Pronovost and his colleagues monitored what happened for a year afterward. The results were so dramatic that they weren’t sure whether to believe them: the ten-day line-infection rate went from eleven per cent to zero. So they followed patients for fifteen more months. Only two line infections occurred during the entire period. They calculated that, in this one hospital, the checklist had prevented forty-three infections and eight deaths, and saved two million dollars in costs.

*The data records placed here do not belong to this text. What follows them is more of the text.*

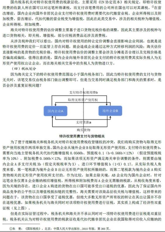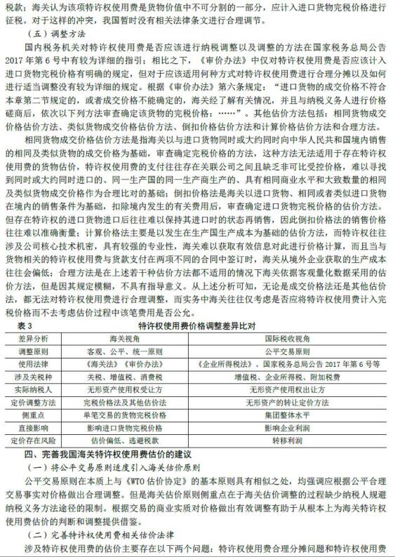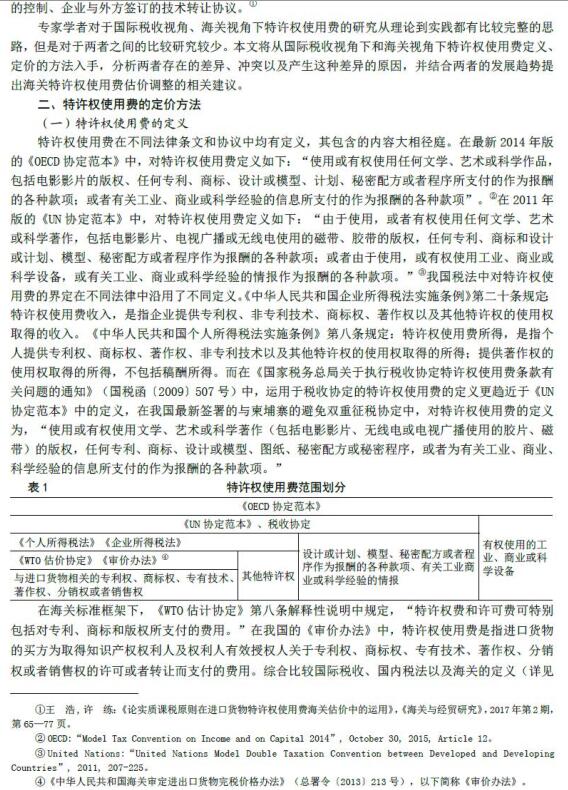 导读: 专家学者对于国际税收视角,海关视角下特许权使用费的研究从理论到实践都有比较完整的思路,但是对于两者之间的比较研究较少.文章从国际税收视角和海关视角下特许权使用费定义,定价的方法入手,分析两者存在的差异,冲突以及产生这种差异的原因,并结合两者的发展趋势提出海关特
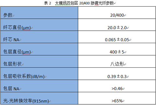 長飛公司經(jīng)過五年的技術(shù)積淀、平臺打造和產(chǎn)品系列化研發(fā),已逐步推出了定位于低功率光纖激光器的125μm系列大模場雙包層摻鐿光纖和定位于中高功率光纖激光器的20/400系列雙包層摻鐿光纖。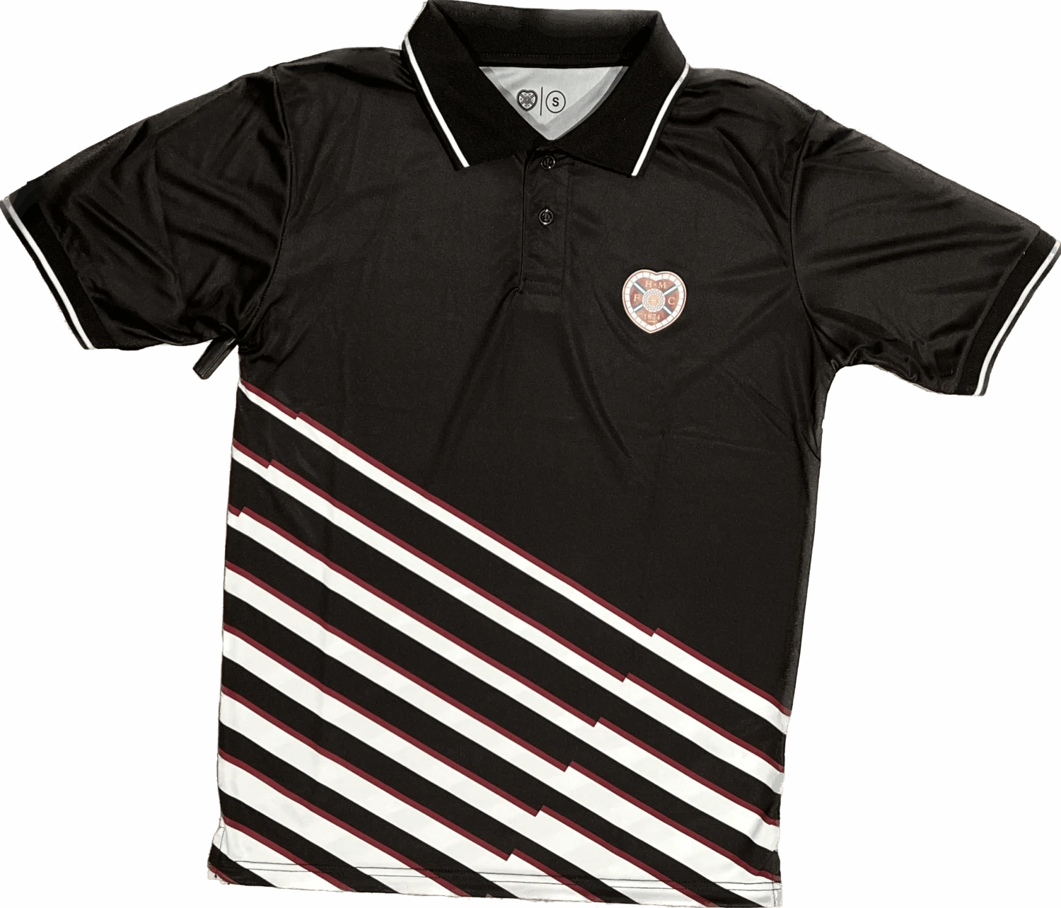 Black golf polo with maroon and white diagonal design.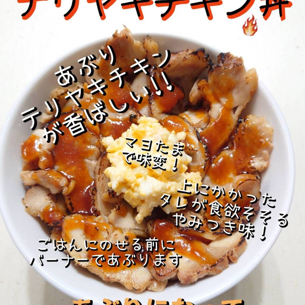 甘酢醤油でてりやきにしたチキンを炙り、そこにチキンから出たコラ-ゲンたっぷの特製タレとマヨたまをトッピングしました。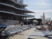 Море хорошее, теплое и чистое, заход галечный, поэтому заранее купили коралловые тапки и очень кстати – в воде есть большие камни, без тапок можно ногу поранить. Насколько хорошее море – настолько ужасный пляж: серый песок, какое-то подобие обрыва и поэтому лежаки очень плотно понатыканы. Уж навезли бы песка или этот разравняли бы для более пологого пляжа и можно было бы лежаки расставить попросторней; а то полное ощущение муравейника. Так что совет – если будете отдыхать в этом отеле и хотите нормальный песчаный пляж – надо ехать на Пляж Клеопатры.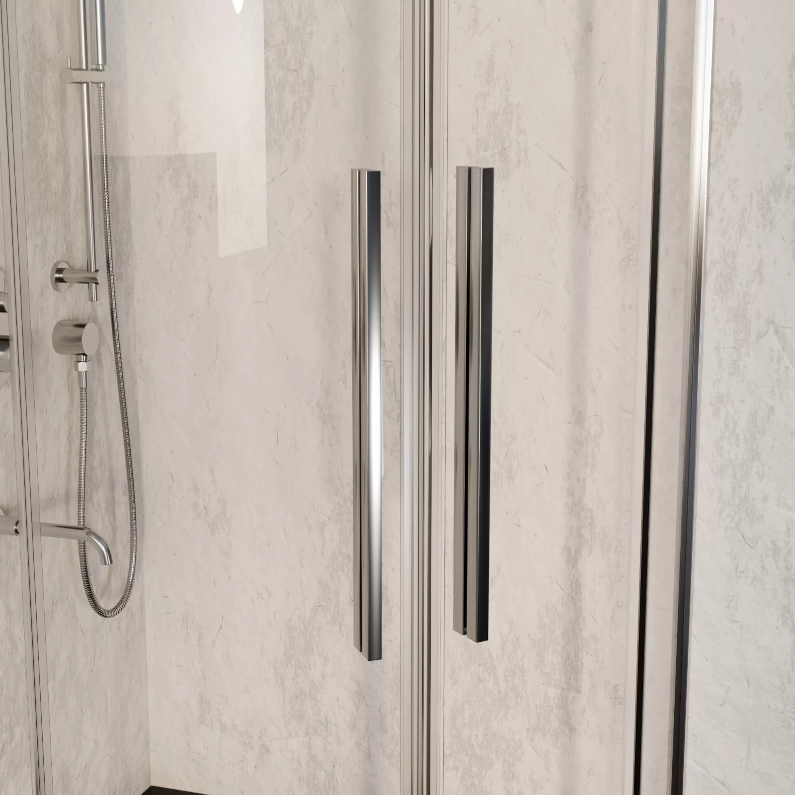 - Felszereltség: Krómozott állítható alumínium profilok, polírozott minimalista fogantyú, vízzáró szilikon profilok, mágneses ajtózár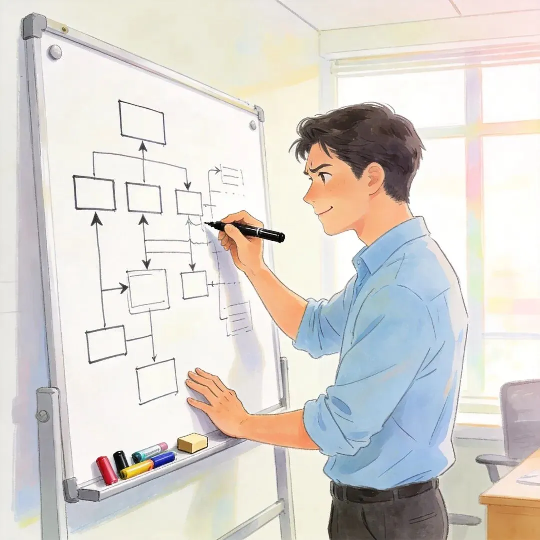 头脑风暴时,团队在白板上画出精彩的产品架构和流程图。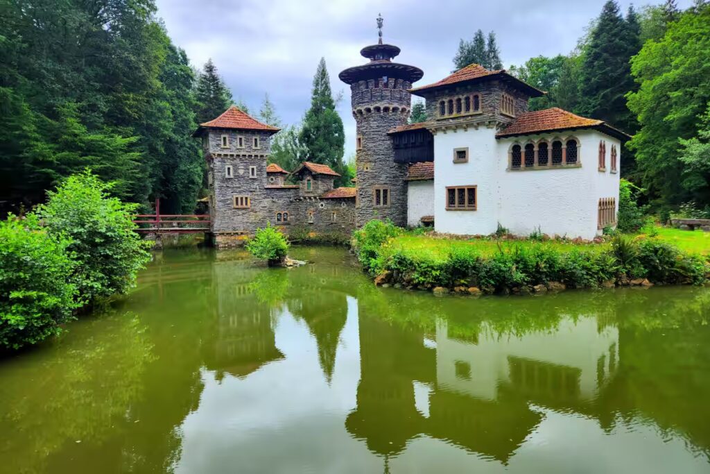 Nestled in a small valley near the village of Wahl, this castle is almost hidden behind trees and hills. Its presence feels secretive, as though it’s only meant to be discovered by those who take the time to wander off the beaten path. The current building, simple and elegant in appearance, was built in the 19th century on the ruins of a medieval fortification. With its turrets, pale facade, and pointed roofs, it resembles more of a grand country house than an imposing castle – which is part of its charm.

A larger test came in Michigan, where as part of a state-wide safety initiative Pronovost’s team persuaded 108 intensive-care units to participate in a study of an intervention to decrease catheter-related bloodstream infections. The intervention included the use of a checklist to ensure clinicians followed infection-control practices — and stopping providers who weren’t following these practices — as well as creation of a central-line cart with all necessary supplies, discussions of catheter removals at daily rounds, and regular feedback for teams on the number and rate of catheter-related bloodstream infections.In a 2007 New England Journal of Medicine article, Pronovost and his colleagues reported “a large and sustained reduction (up to 66%) in rates of catheter-related bloodstream infection that was maintained throughout the 18-month study period.”
It appears that this innovation is also catching on. Earlier this month, Current Infectious Disease Reports published an article by Asad Latif, Muhammad Sohail Halim, and Peter Pronovost on eliminating central line-associated bloodstream infections (CLABSI) in the ICU. The authors note that the approach used in the Michigan project has spread, and report that CLABSI rates in the US dropped 46% between 2008 and 2013.
Adopting relatively simple procedural changes can yield big improvements in health outcomes — although the process necessary to implement changes can be tricky. Hospitals can’t just close down for weeks at a time to re-train their staffs or reorganize their ICUs; it takes careful planning and dedicated work to improve care quality while continuing to deliver care. The improvements in heart-attack care and central-line infections show that hospitals are capable of changing their procedures, and in doing so, save millions of lives.